About this task:
Please give the listing again in full, leaving out its images.

*-*-*

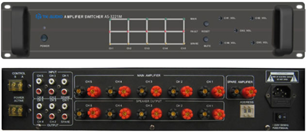 AS-3221M是一款进行系统备份的设备切换器,可以实现多对一的备份功能,可接5台主功放1台备用功放,当主功放发生故障时,可以自动切换到备用功放,保证系统的正常工作。
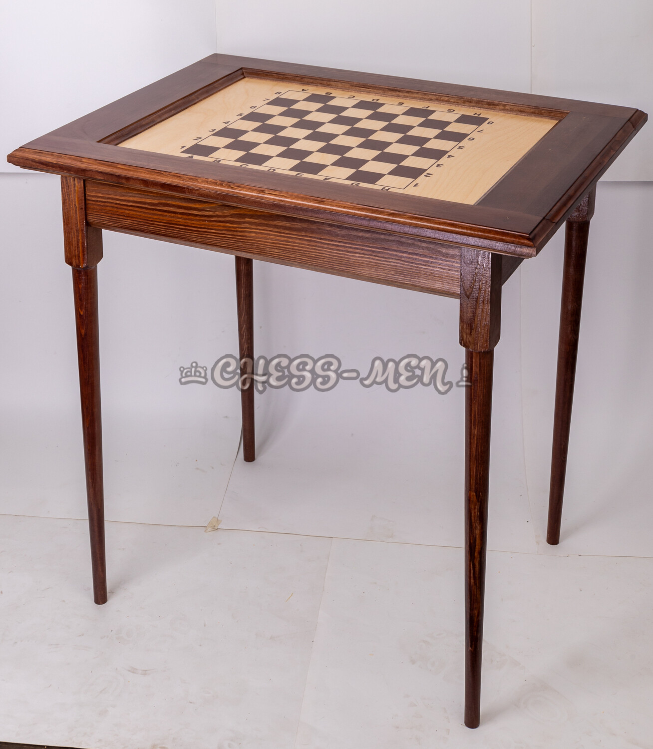 Материал шахматного стола: сосна, тонированная в тёмный цвет
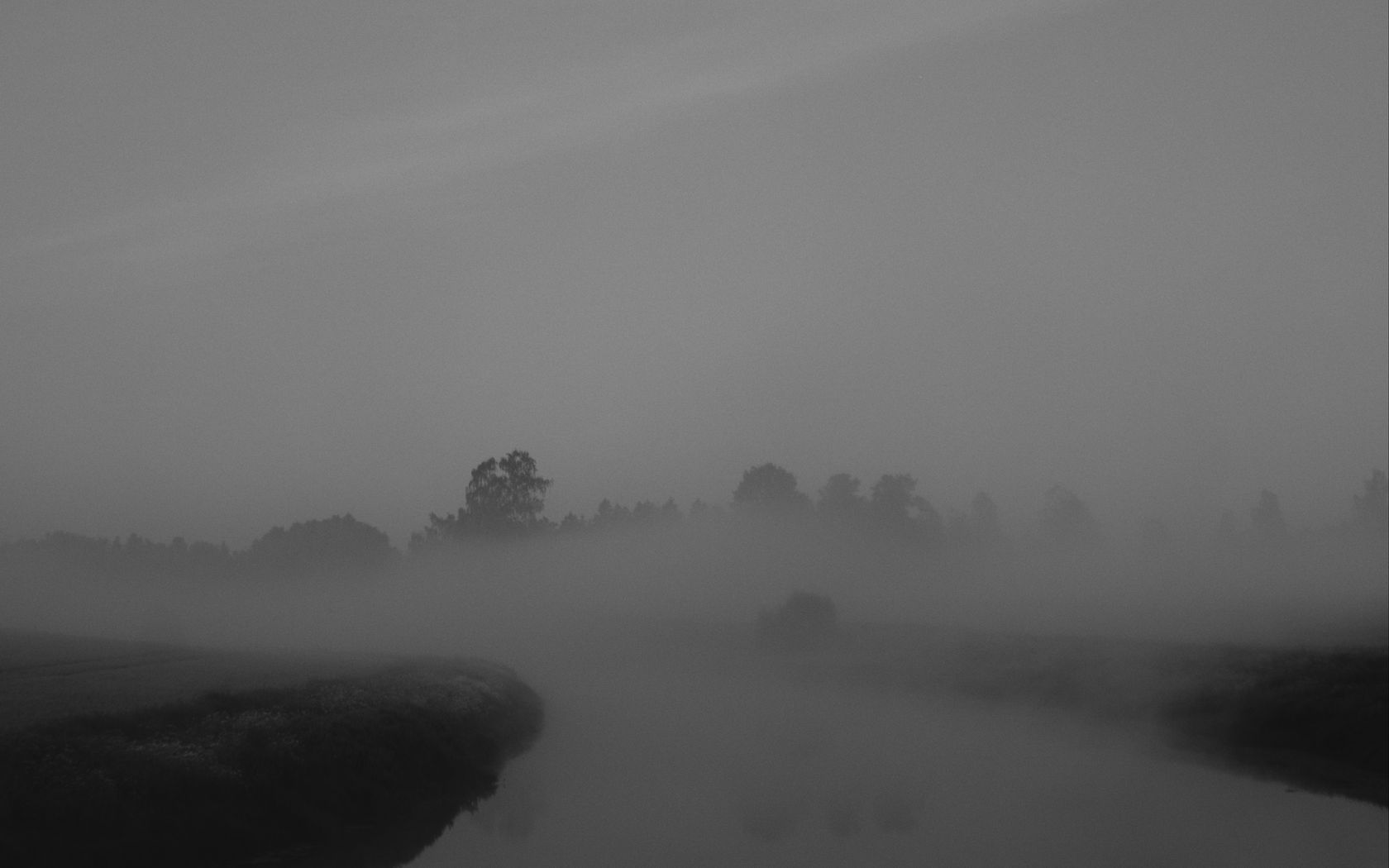 Download 1680x1050 trees, fog, heavy, dark, nature wallpaper, background widescreen 16:10
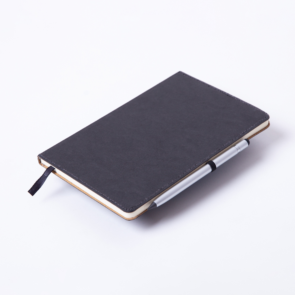 TALLIN Libreta ecológica elaborada con cubierta dura de papel Kraft lavable. Porta bolígrafo y separador; con 80 hojas rayadas.
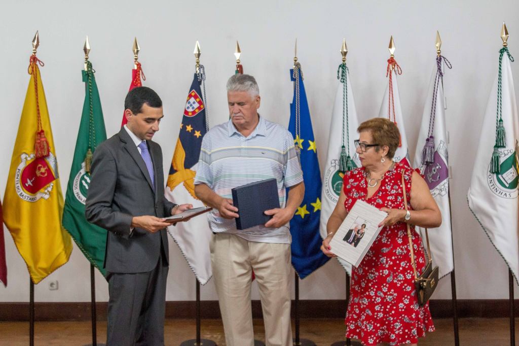 O presidente da Câmara Municipal da Praia da Vitória, Tibério Dinis, homenageou quinta-feira, o casal emigrante praiense Teresa e Hélio Melo, pelo seu empenho e forte “contributo para o fortalecimento da ligação entre a comunidade praiense da Diáspora e o concelho da Praia da Vitória”.
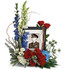 - This bouquet features blue hydrangea, red roses, red spray roses, white spray roses, white carnations, blue delphinium, white snapdragons, blue eryngium, dusty miller, curly willow, spiral eucalyptus, parvifolia eucalyptus, aralia leaf and lemon leaf.

*-*-*

Solution to the problem:
 AS-3221M是一款进行系统备份的设备切换器,可以实现多对一的备份功能,可接5台主功放1台备用功放,当主功放发生故障时,可以自动切换到备用功放,保证系统的正常工作。
 Материал шахматного стола: сосна, тонированная в тёмный цвет
 Download 1680x1050 trees, fog, heavy, dark, nature wallpaper, background widescreen 16:10
 TALLIN Libreta ecológica elaborada con cubierta dura de papel Kraft lavable. Porta bolígrafo y separador; con 80 hojas rayadas.
 O presidente da Câmara Municipal da Praia da Vitória, Tibério Dinis, homenageou quinta-feira, o casal emigrante praiense Teresa e Hélio Melo, pelo seu empenho e forte “contributo para o fortalecimento da ligação entre a comunidade praiense da Diáspora e o concelho da Praia da Vitória”.
 - This bouquet features blue hydrangea, red roses, red spray roses, white spray roses, white carnations, blue delphinium, white snapdragons, blue eryngium, dusty miller, curly willow, spiral eucalyptus, parvifolia eucalyptus, aralia leaf and lemon leaf.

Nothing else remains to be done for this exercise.